◆ **TASK DIRECTIONS**
Copy the data that follows exactly, and include none of its images.

---- PROVIDED MATERIAL

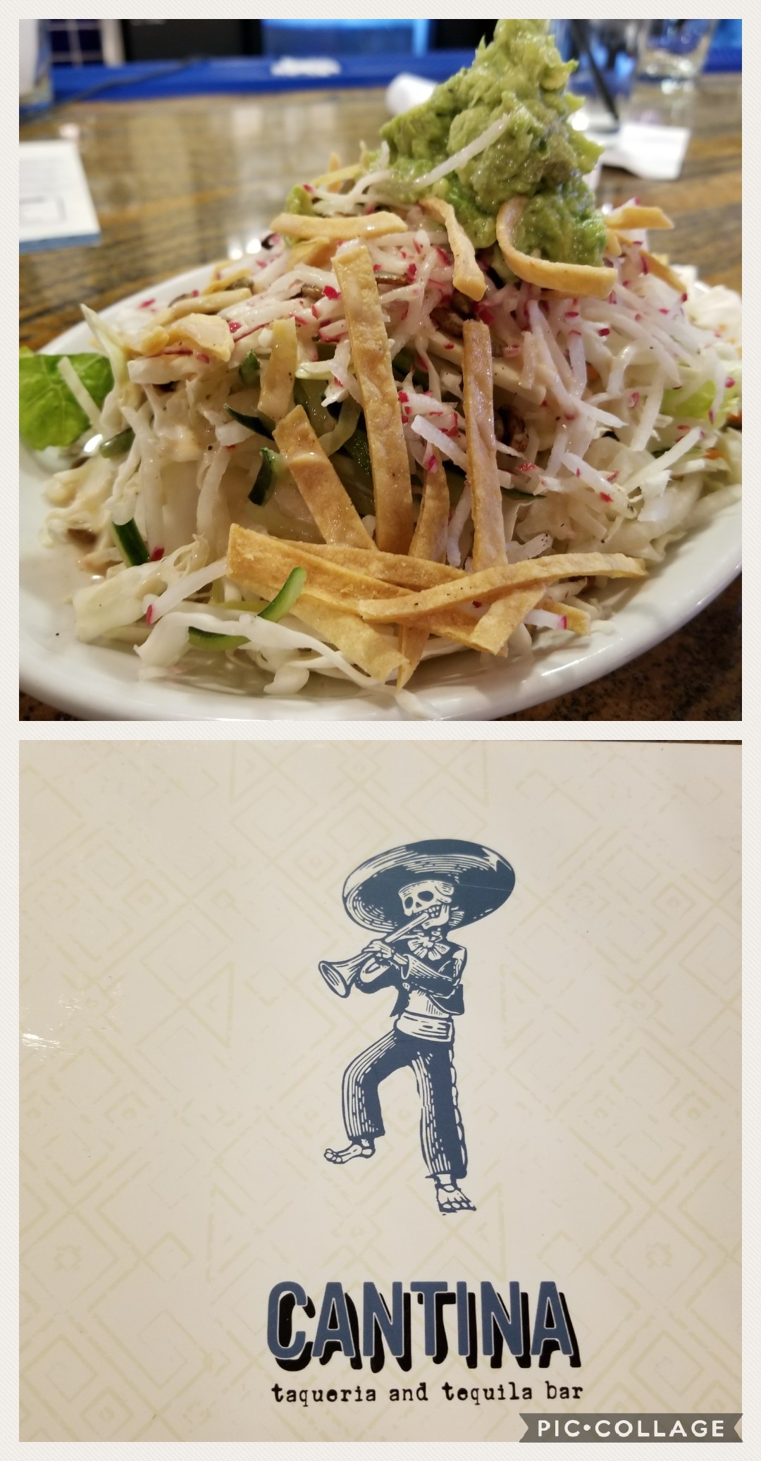 At the airport I went to Cantina Taqueria and Bar to get some food and had a good salad that had lettuce, jicama, which is a root vegetable, avocado, cucumbers, pepitas, cabbage with a tamarind dressing.
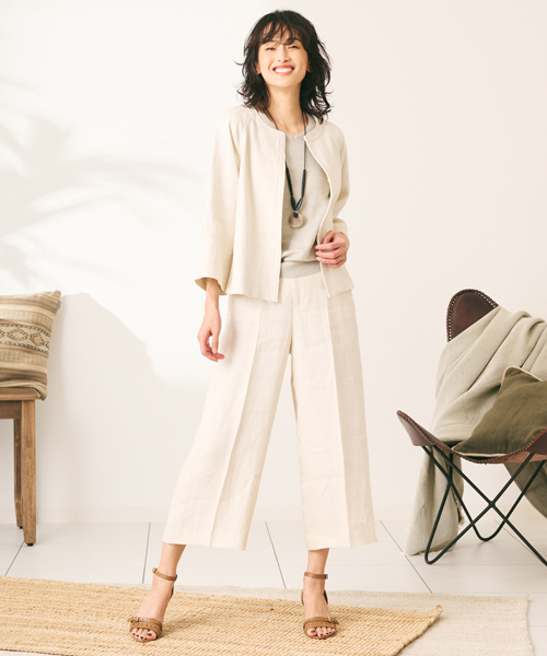 ナチュラルなカラーリングで同素材のワンピースやパンツも展開。
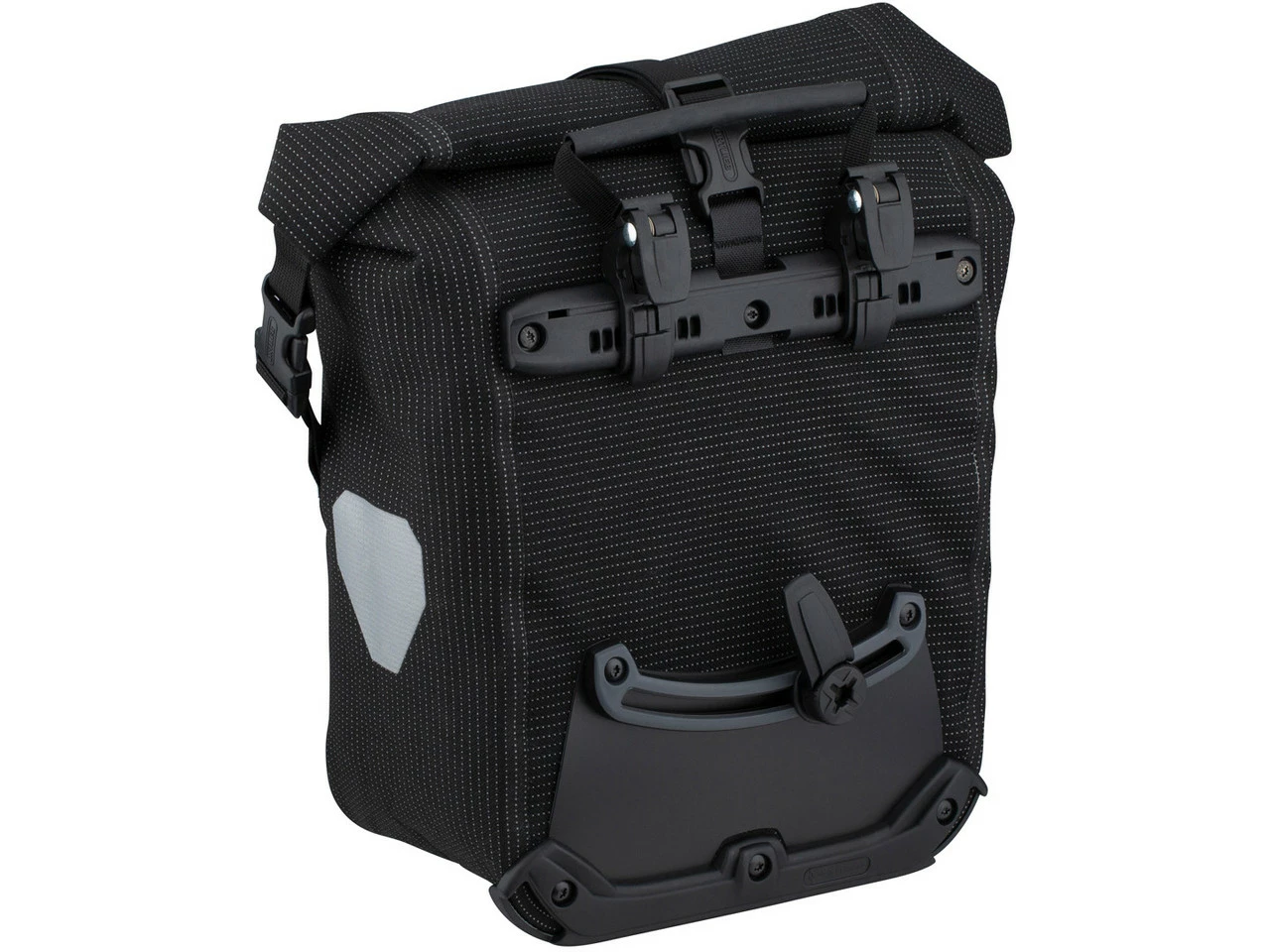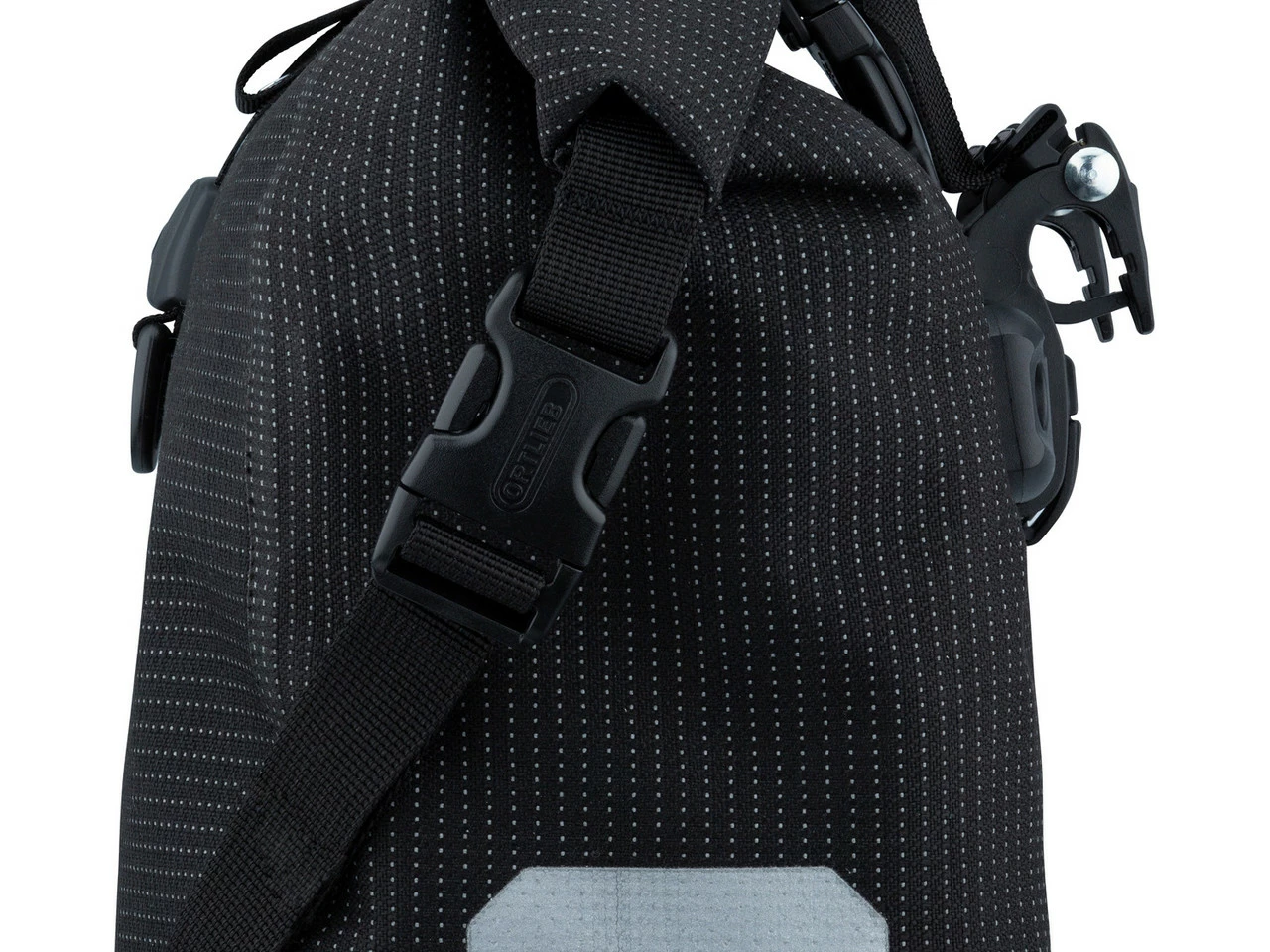 Freigaben:Belastbarkeit (max.):9 kg (pro Tasche)Features:Lowrider- oder Hinterradtaschen aus vollflächig reflektierendem Cordura-GewebeTaschenumfang leuchtet bei Lichteinfallgroßflächige, leuchtstarke Reflektoren aus 3M™ Scotchlite™ ReflexmaterialwasserdichtRollverschluss zum sicheren Verschließen der TascheQuick-Lock2.1-Halterungssystemeinzeln oder paarweise verwendbarmit integrierter Innentasche und Schultergurtinnen leicht zu reinigenPVC-freiMade in Germany

--------

◆ **RESULT OF THIS TASK**
 At the airport I went to Cantina Taqueria and Bar to get some food and had a good salad that had lettuce, jicama, which is a root vegetable, avocado, cucumbers, pepitas, cabbage with a tamarind dressing.
 ナチュラルなカラーリングで同素材のワンピースやパンツも展開。
 Freigaben:Belastbarkeit (max.):9 kg (pro Tasche)Features:Lowrider- oder Hinterradtaschen aus vollflächig reflektierendem Cordura-GewebeTaschenumfang leuchtet bei Lichteinfallgroßflächige, leuchtstarke Reflektoren aus 3M™ Scotchlite™ ReflexmaterialwasserdichtRollverschluss zum sicheren Verschließen der TascheQuick-Lock2.1-Halterungssystemeinzeln oder paarweise verwendbarmit integrierter Innentasche und Schultergurtinnen leicht zu reinigenPVC-freiMade in Germany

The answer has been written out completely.